- [REQUIREMENT]:
When writing out the entries below, keep only the lines from the line with "在服务的设置依赖中,上传 jar 文件。例如上传" to the line with "26줄~32줄 : 74줄~148줄에서", both included, exactly as they are, and leave the pictures aside.

- [EXERCISE MATERIALS]:
----
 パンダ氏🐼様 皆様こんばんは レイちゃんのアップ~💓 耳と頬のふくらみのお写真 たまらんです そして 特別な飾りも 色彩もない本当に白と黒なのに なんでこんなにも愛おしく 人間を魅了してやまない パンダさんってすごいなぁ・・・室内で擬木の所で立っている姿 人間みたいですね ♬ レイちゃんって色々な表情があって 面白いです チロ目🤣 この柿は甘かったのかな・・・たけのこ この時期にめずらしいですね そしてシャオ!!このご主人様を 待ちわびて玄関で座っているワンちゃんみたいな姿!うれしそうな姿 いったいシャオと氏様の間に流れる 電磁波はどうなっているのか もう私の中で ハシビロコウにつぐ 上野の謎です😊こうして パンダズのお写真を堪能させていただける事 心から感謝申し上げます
----
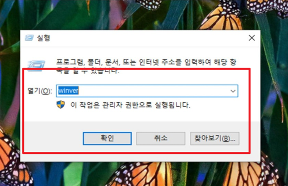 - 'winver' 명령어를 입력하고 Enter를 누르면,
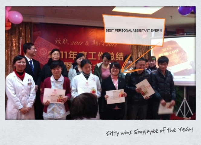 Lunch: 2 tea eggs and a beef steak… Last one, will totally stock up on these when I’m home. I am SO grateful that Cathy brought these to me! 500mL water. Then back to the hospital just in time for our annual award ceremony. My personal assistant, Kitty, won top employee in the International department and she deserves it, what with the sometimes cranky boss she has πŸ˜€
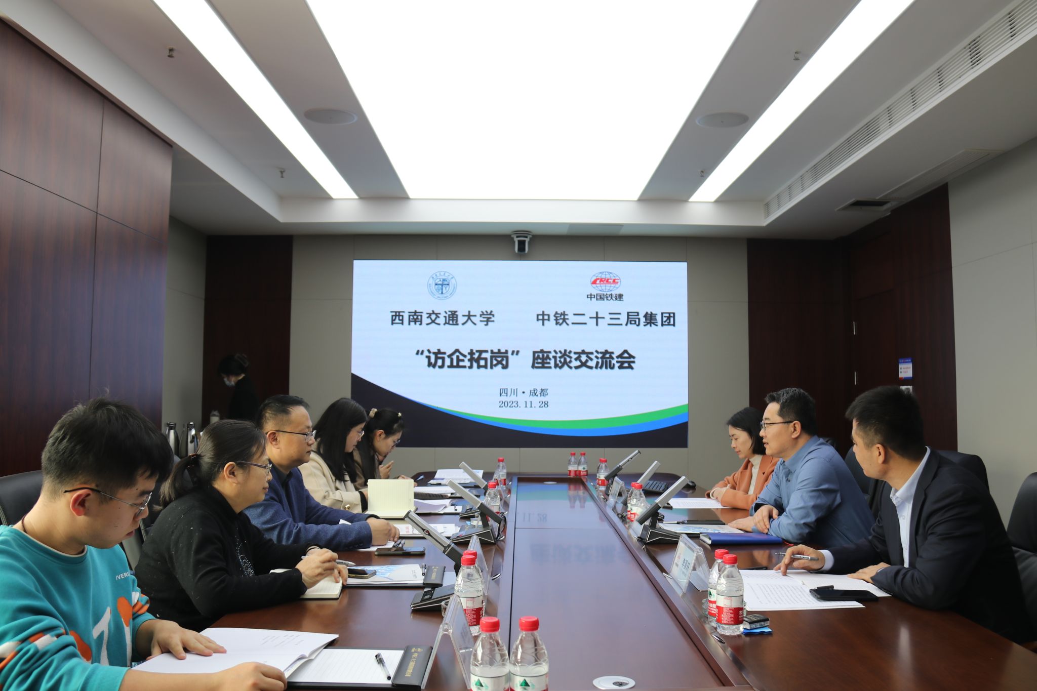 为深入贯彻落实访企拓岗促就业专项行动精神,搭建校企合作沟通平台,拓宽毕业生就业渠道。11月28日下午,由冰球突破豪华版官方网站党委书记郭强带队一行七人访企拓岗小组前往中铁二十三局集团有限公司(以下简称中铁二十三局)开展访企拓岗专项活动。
----
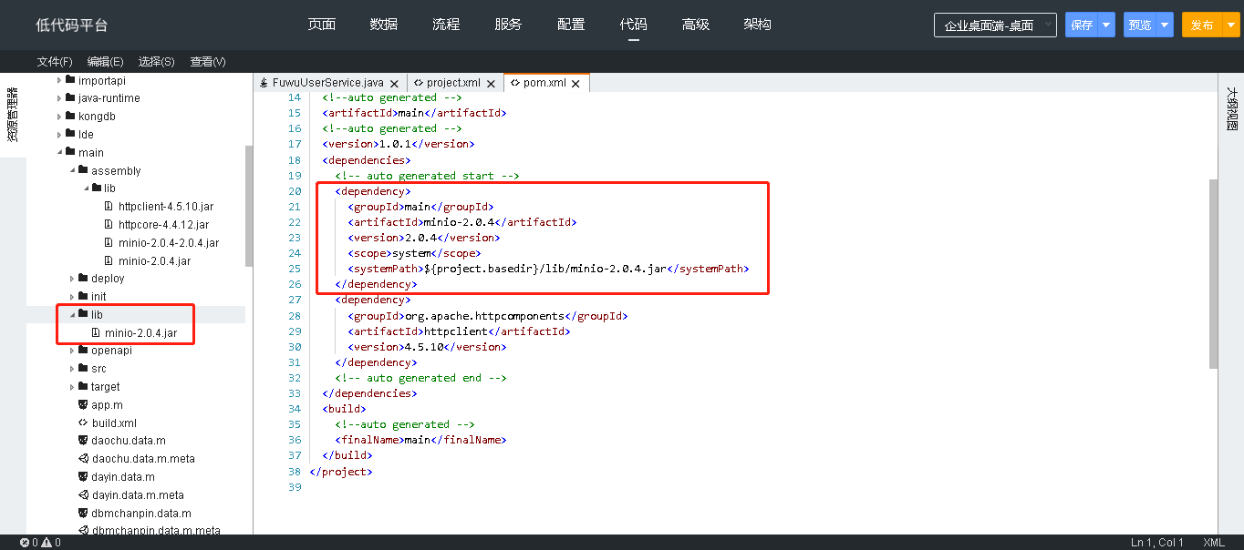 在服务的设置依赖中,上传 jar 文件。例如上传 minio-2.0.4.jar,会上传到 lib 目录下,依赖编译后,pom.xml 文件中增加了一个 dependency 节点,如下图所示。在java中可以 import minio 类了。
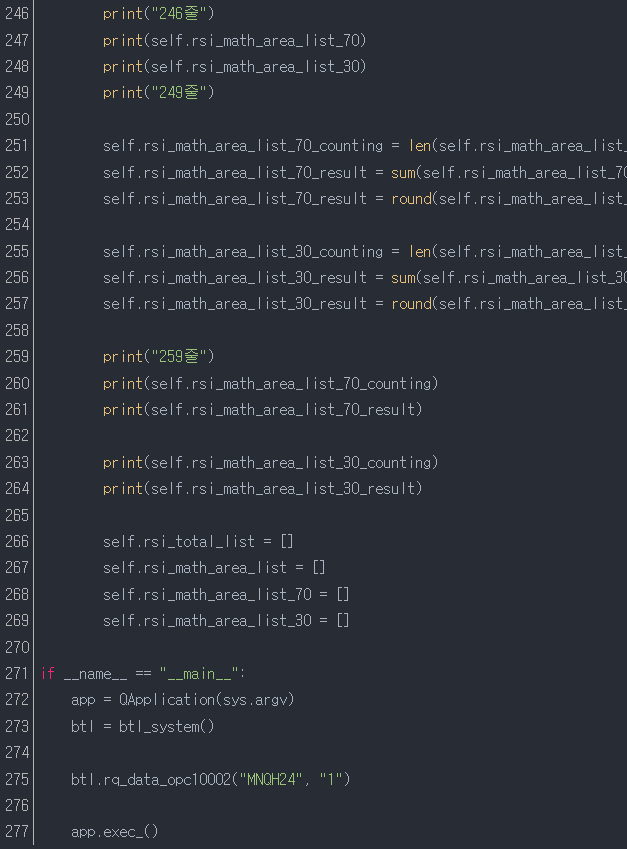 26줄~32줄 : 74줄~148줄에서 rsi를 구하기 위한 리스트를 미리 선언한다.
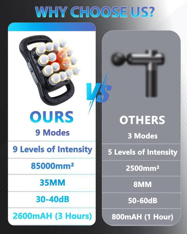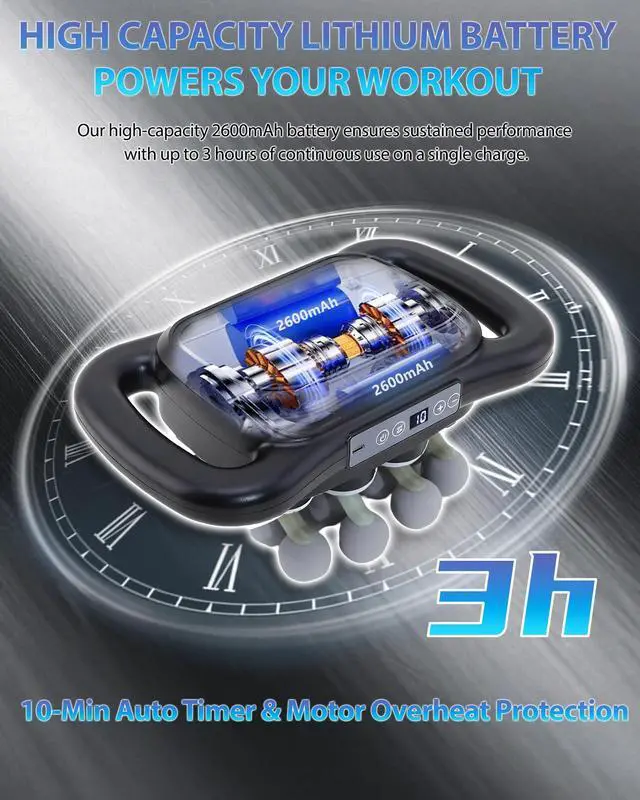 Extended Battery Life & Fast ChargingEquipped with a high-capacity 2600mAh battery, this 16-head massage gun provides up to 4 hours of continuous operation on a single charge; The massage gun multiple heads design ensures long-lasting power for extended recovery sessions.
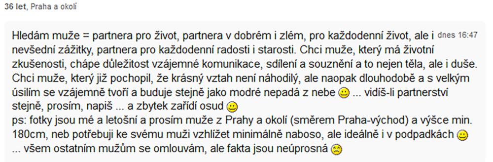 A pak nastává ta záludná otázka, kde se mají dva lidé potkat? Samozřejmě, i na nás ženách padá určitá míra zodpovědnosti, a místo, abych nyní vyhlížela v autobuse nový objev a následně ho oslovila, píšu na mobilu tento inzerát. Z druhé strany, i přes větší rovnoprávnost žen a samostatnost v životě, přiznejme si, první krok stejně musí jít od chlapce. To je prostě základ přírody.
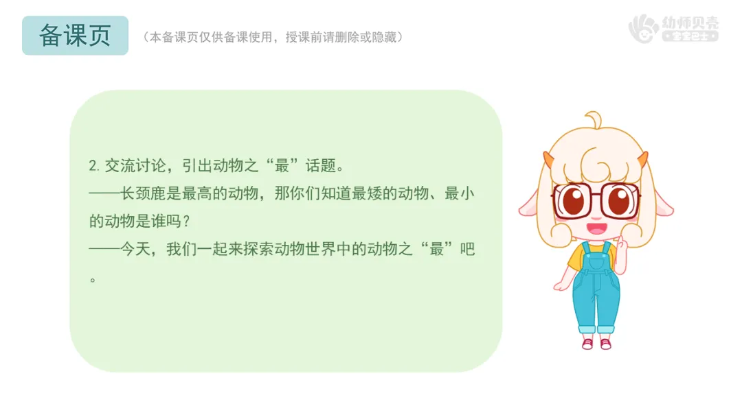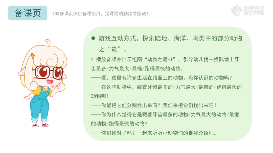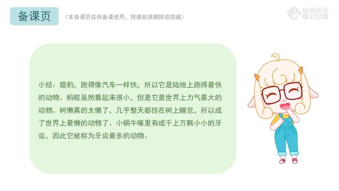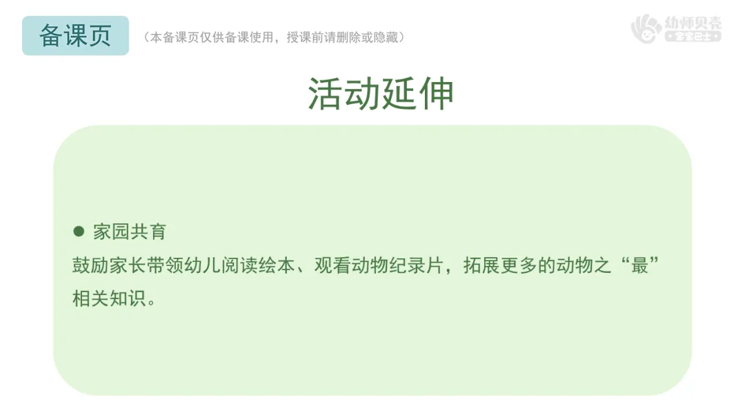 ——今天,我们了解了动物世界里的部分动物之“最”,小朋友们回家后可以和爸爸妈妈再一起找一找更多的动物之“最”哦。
----
- [COMPLETED EXERCISE]:
 在服务的设置依赖中,上传 jar 文件。例如上传 minio-2.0.4.jar,会上传到 lib 目录下,依赖编译后,pom.xml 文件中增加了一个 dependency 节点,如下图所示。在java中可以 import minio 类了。
 26줄~32줄 : 74줄~148줄에서 rsi를 구하기 위한 리스트를 미리 선언한다.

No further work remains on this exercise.